● **Data provided**:
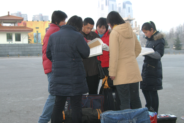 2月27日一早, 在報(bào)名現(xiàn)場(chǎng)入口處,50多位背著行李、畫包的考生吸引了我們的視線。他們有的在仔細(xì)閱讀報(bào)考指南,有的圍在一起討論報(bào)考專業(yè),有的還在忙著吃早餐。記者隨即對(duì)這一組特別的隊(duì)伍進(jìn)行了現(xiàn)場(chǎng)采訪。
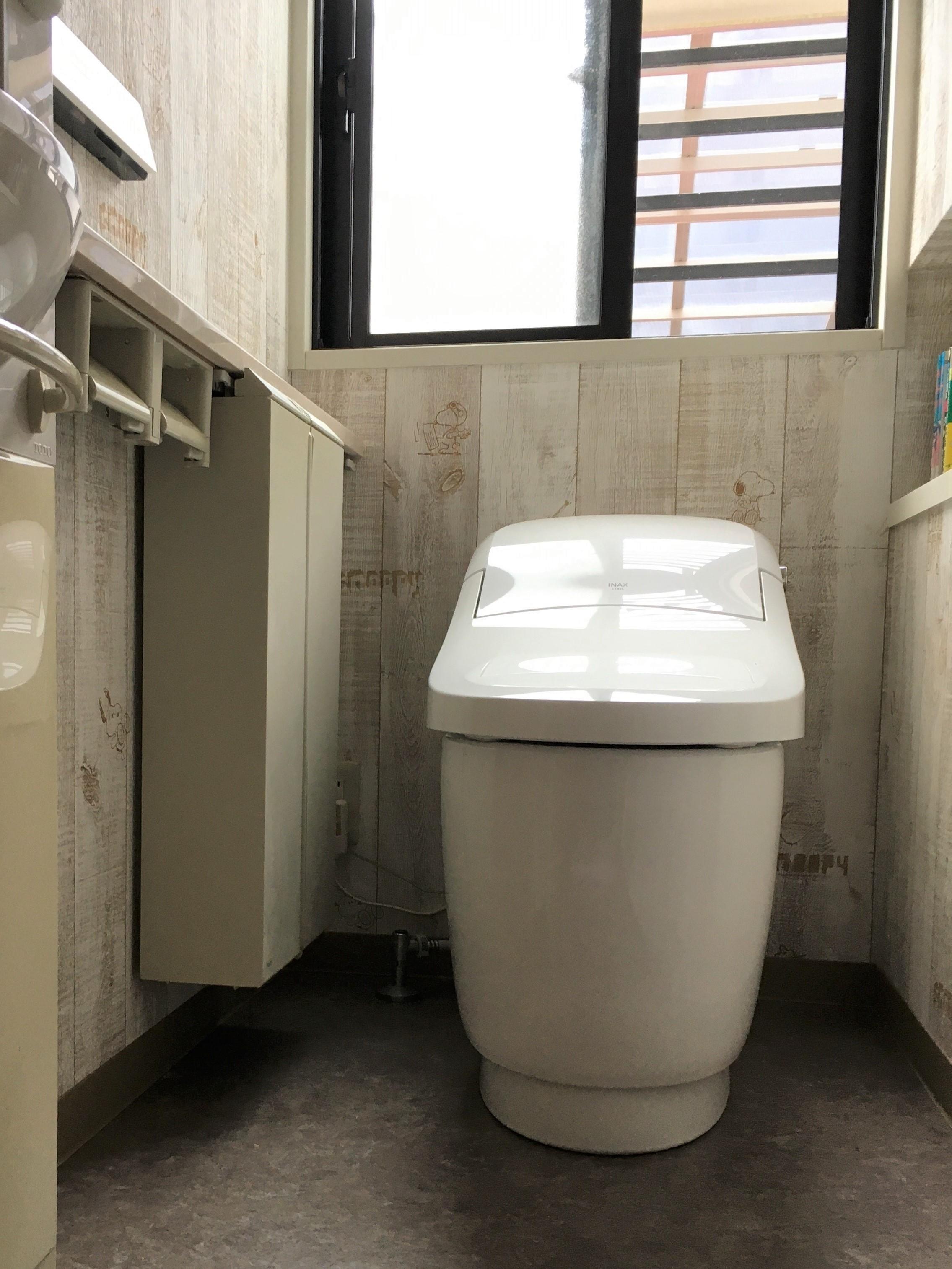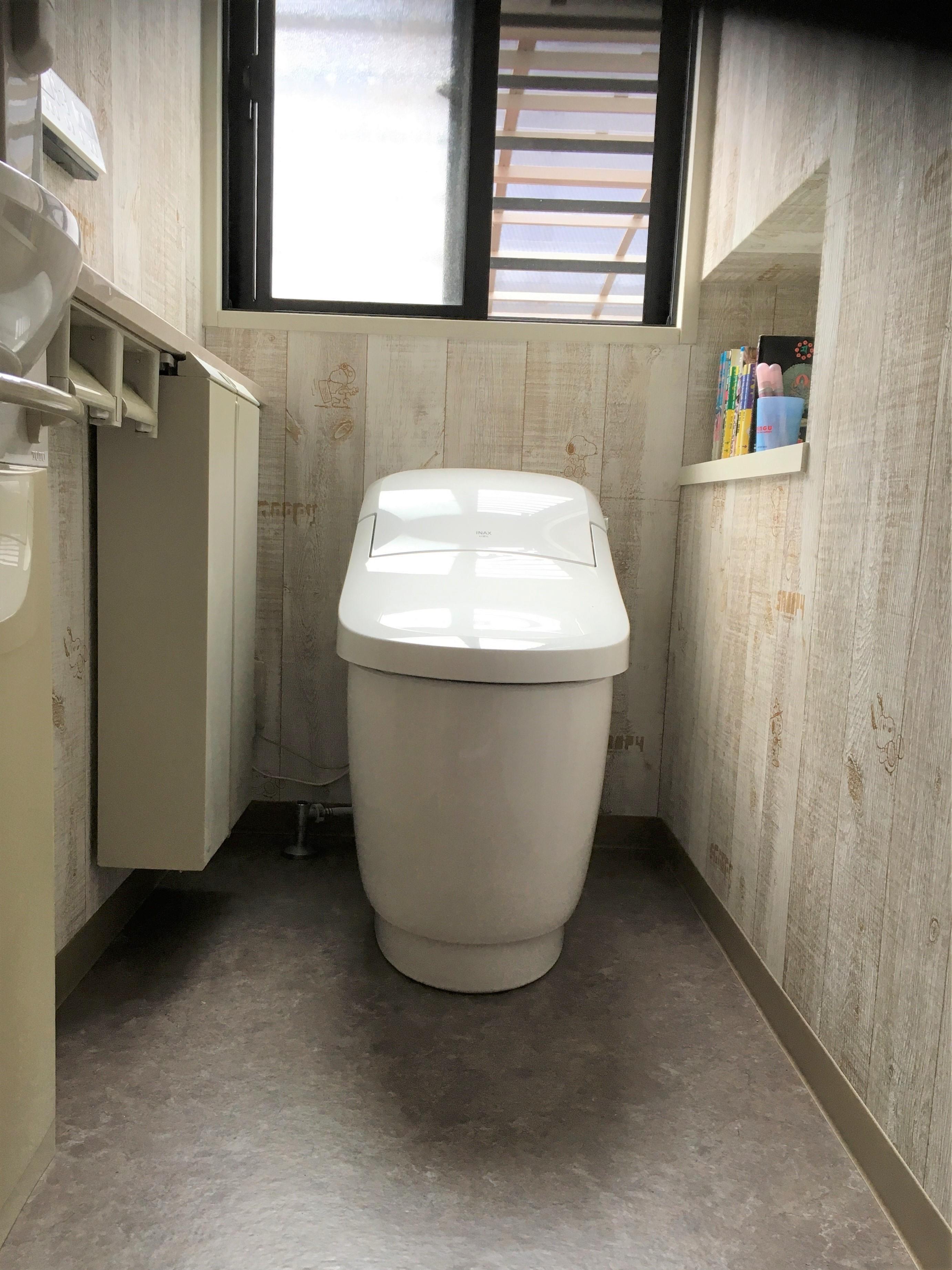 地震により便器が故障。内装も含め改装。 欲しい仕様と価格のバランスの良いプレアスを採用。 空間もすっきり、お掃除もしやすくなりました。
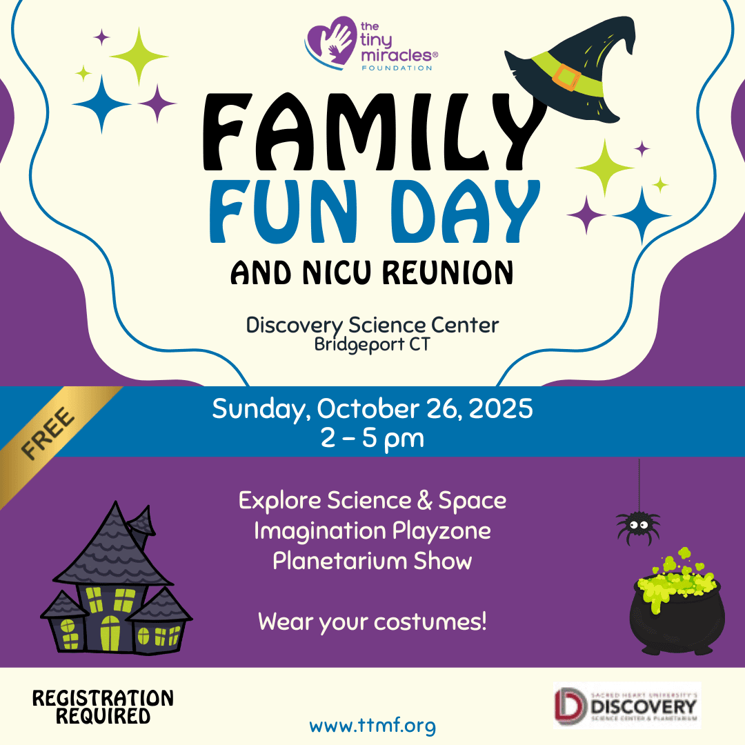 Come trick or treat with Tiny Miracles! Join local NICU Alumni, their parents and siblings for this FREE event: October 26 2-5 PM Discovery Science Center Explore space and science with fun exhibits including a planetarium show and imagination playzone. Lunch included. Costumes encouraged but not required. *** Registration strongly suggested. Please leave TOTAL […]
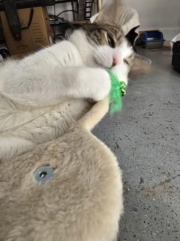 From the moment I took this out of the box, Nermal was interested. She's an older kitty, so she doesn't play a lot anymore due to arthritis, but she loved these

● **Work to be completed**: The data should be printed again unchanged; leave its pictures out.

● **Finished exercise**:
 2月27日一早, 在報(bào)名現(xiàn)場(chǎng)入口處,50多位背著行李、畫包的考生吸引了我們的視線。他們有的在仔細(xì)閱讀報(bào)考指南,有的圍在一起討論報(bào)考專業(yè),有的還在忙著吃早餐。記者隨即對(duì)這一組特別的隊(duì)伍進(jìn)行了現(xiàn)場(chǎng)采訪。
 地震により便器が故障。内装も含め改装。 欲しい仕様と価格のバランスの良いプレアスを採用。 空間もすっきり、お掃除もしやすくなりました。
 Come trick or treat with Tiny Miracles! Join local NICU Alumni, their parents and siblings for this FREE event: October 26 2-5 PM Discovery Science Center Explore space and science with fun exhibits including a planetarium show and imagination playzone. Lunch included. Costumes encouraged but not required. *** Registration strongly suggested. Please leave TOTAL […]
 From the moment I took this out of the box, Nermal was interested. She's an older kitty, so she doesn't play a lot anymore due to arthritis, but she loved these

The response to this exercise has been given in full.